# Spotting a fake/replica panerai?



## 2VIP (Dec 26, 2008)

Hey everyone
im new to the forums and im new to the panerai brand.
I have a few questions, maybe you guys can shed some light on

i know panerai watches are swiss made but there are some really good replicas out there that are also swiss made, how would you tell the difference between a fake and a authentic in this case?
Esp.
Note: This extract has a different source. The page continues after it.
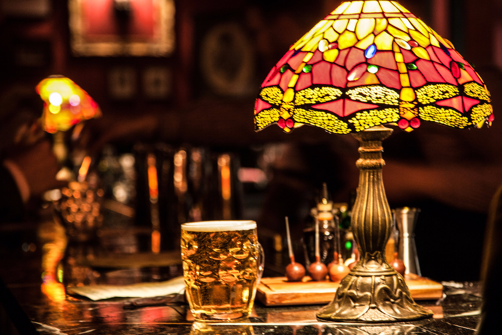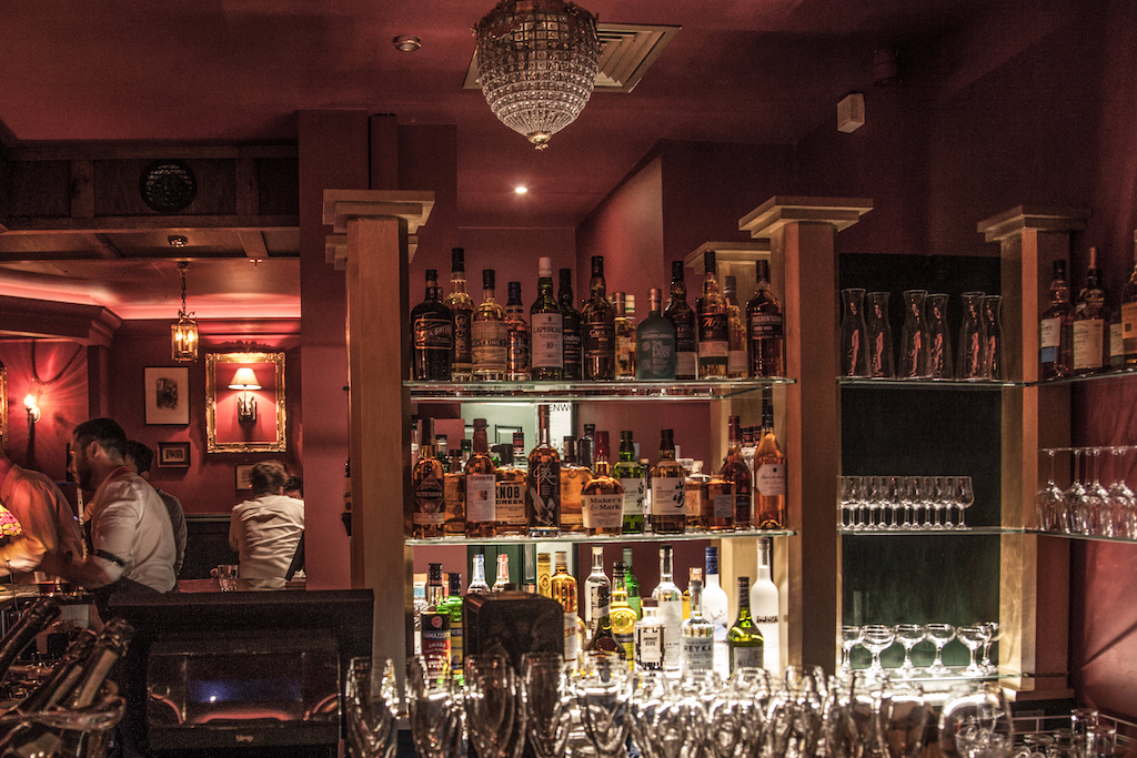 Normally, it would be cause for criticism but, as odd as it sounds, the relative obscurity is part of the charm here. The Four Sisters Townhouse clearly aims to be a refuge from the churn and chaos of the City outside, without losing the liveliness of a bar; clever design ensures that it accomplishes just that. There’s something of the members’ club about the place, all wood panelling and gaudily upholstered furniture. Towering bookcases and Tiffany-style lamps give it an intimate feel. The usual issue with that is that clubs are designed for the elite: once you start packing them full of post-work revellers the result can feel cramped and claustrophobic. Here, though, split level flooring, a wide bar and high ceilings are all used to keep the room feeling relatively open and airy, even when full to capacity.

For a simple panerai model like a panerai marina?

Any and all advice would be greatly appreciated.
Thank you


----------



## 2VIP (Dec 26, 2008)

When i say swiss made - im talking about the panerai watch movement


----------



## handwound (Feb 11, 2006)

Post pics here, if it's a fake, we'll spot it.

If you're in doubt, only buy from proven sellers with lots of references...(or an AD, of course)


----------



## 2VIP (Dec 26, 2008)

peepshow said:


> Post pics here, if it's a fake, we'll spot it.
> 
> If you're in doubt, only buy from proven sellers with lots of references...(or an AD, of course)


its just a question/concern in general.
because i have been doing research on panerai and i have grown to love their watches. I know they have swiss movement and i know that some very good replicas out there are also made with swiss movement. 
so what im basically asking is, if people check the movement of a watch to determine whether its authentic or not then how do you know if a good replica that has a swiss movement is identifiable as a replica, does this make sense?

is checking the movement of the watch the only way to determine whether the watch is authentic? if it's not the only way, what are some other ways you guys personally use to identify a fake,

thank you


----------



## handwound (Feb 11, 2006)

Sorry, there are too many different things to look for to really list them all here.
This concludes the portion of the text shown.